Gregoire Believes Hometown Team Will Win Contract

At this writing, Boeing hasn't lost the US Air Force's KC-X contract to provide the service with new tankers just yet -- and many analysts feel a Boeing win over a team comprised of EADS and Northrop Grumman is all-but assured. But that didn't stop the governor of Washington from threatening a possible legal protest if Boeing is denied the contract.

Speaking to reporters Tuesday after a meeting with the state's congressional delegation, Gov. Chris Gregoire said the state could file a congressional inquiry or take another course of action if Boeing isn't awarded the KC-X deal.

A decision from the Air Force was originally said to be coming as soon as Wednesday evening... though officials said Wednesday afternoon not to expect an annoucement until Friday, at the earliest.

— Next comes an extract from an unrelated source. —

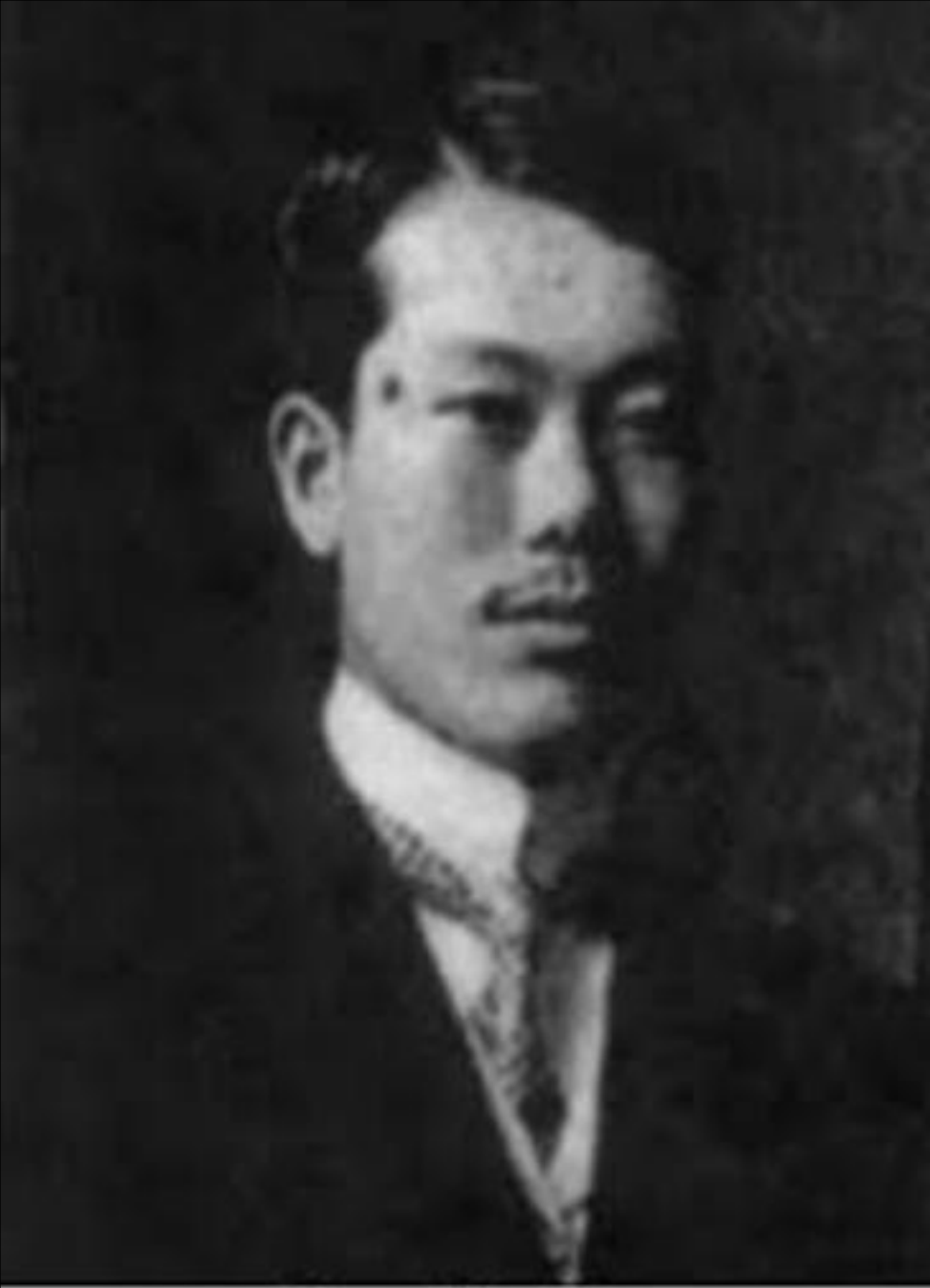
Phan Bội Châu

Gregoire then stressed she still believes Boeing will come out on top, reports The Seattle Post-Intelligencer. "I'm banking on us getting it," she said. "I just think we win if it's done absolutely without politics, based on experience, work force, all of that. So I'm feeling good about this.

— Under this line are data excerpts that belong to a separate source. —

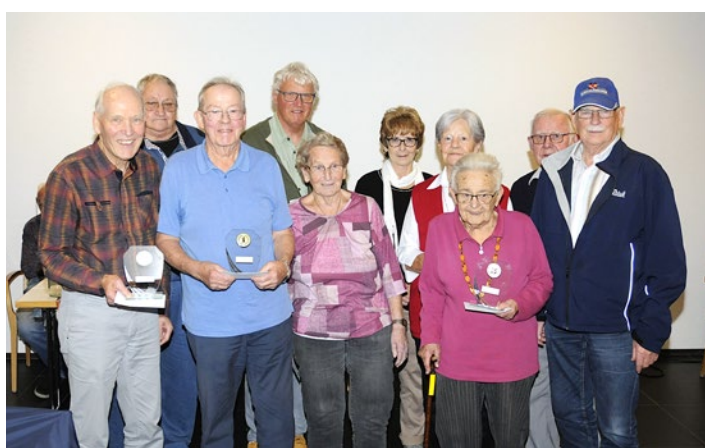
DIE «TOP TEN» MIT DREI STRAHLENDE POKALGEWINNER/INNEN
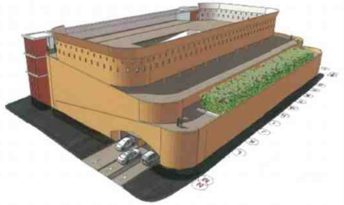
De parkeergarage in vogelvlucht

Indien onbestelbaar: Postbus 1180 8001 BB Zwolle
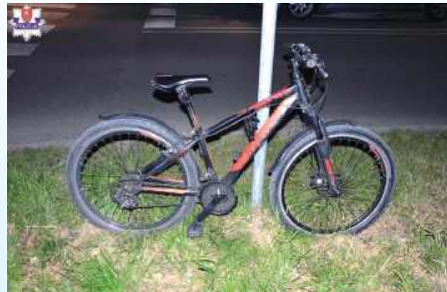
Do potrącenia doszło, gdy cyklista przejeżdżał przez przejazd dla rowerów

Po zderzeniu z osobową Hondą 14-letni rowerzysta trafił do szpitala. Do potrącenia doszło na skrzyżowaniu ul. Piłsudskiego z ul. Okrzei w Zamościu i to w czasie, gdy cyklista przejeżdżał przez przejazd dla rowerów.
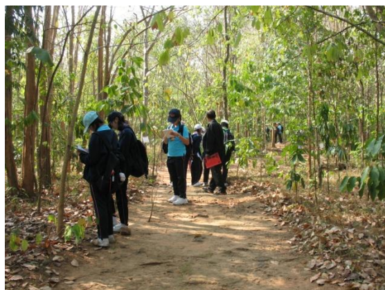
ศึกษาเรียนรู้เกี่ยวกับชนิดของป่า และความหลากหลายทรัพยากรกายภาพและชีวภาพที่อยู่ในป่า
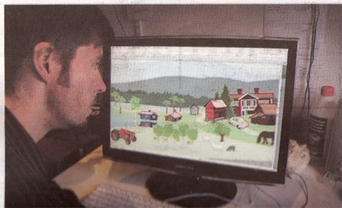
Mark har gjort en trevlig illustration över byn till dess hemsida.
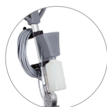
Système d'injection électrique
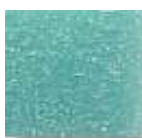
Verde Mar 1 (C.50)
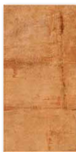
WATMB005 ○ 74 / m 2

světle žlutá / light yellow / hellgelb jasnożółta / светло-желтый / világossárga
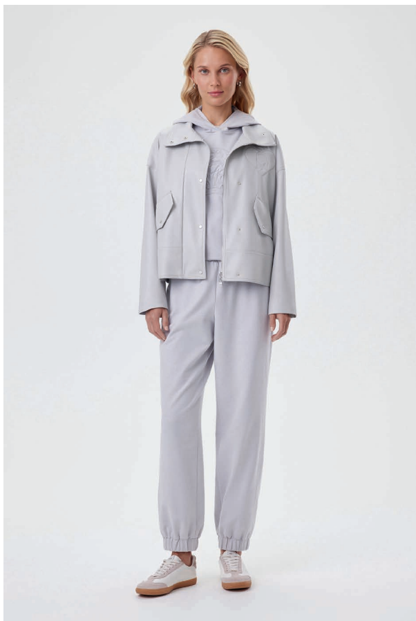
21-02-034 Куртка серая «Семейные ценности» 21-02-036 Худи «Променад» 21-02-041 Брюки «Променад»
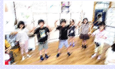
ぶんぶんゴマを作ろう

"If we don't win, then I think there'll be a lot of questions asked about why in the world would Boeing, with that work force, that expertise, that experience, that history -- how could they not have gotten this?" Gregoire then added, muddying the waters somewhat. "My sense is there'll be a lot of questions raised and then we'll get into the protest."

Of course, Gregoire isn't the first person to raise the ominous specter of legal action, from either side of the hotly-contested KC-X battle. As ANN has reported extensively, Boeing is offering its KC-767 aerial refueling platform to replace 179 aging KC-135 tankers in the Air Force fleet; Northrop/EADS has countered with a variant of its KC-330 Multi-Role Tanker Transport.

Boeing recently delivered the first KC-767 to Japan, albeit one year behind schedule; the KC-330 is still undergoing development.

The contract to be awarded shortly is the first of three phases of the KC-X program, which aims to ultimately replace 502 aging tankers. Both sides have appealed to lawmakers in Washington and Kansas (Boeing) and Alabama (EADS/Northrop) to support their respective bids, touting new jobs and economic growth.

Federal law allows losing bidders on federal contracts to appeal to the Government Accountability Office, if they allege the agency involved violated terms of the procurement agreement when selecting the winning contract.

Such a battle is now underway with another Air Force program -- the CSAR-X search-and-rescue helicopter bid, which was originally awarded to Boeing's HH-47 in November 2006. Losing bidders Sikorsky and Lockheed promptly lodged protests... and the Air Force, after some stalling, agreed to reopen the bidding process last year.

There's also a fair amount of political irony here... as in 2005, Gregoire was among the most vocal supporters of efforts by three Washington counties to bring the KC-30 assembly plant to the state.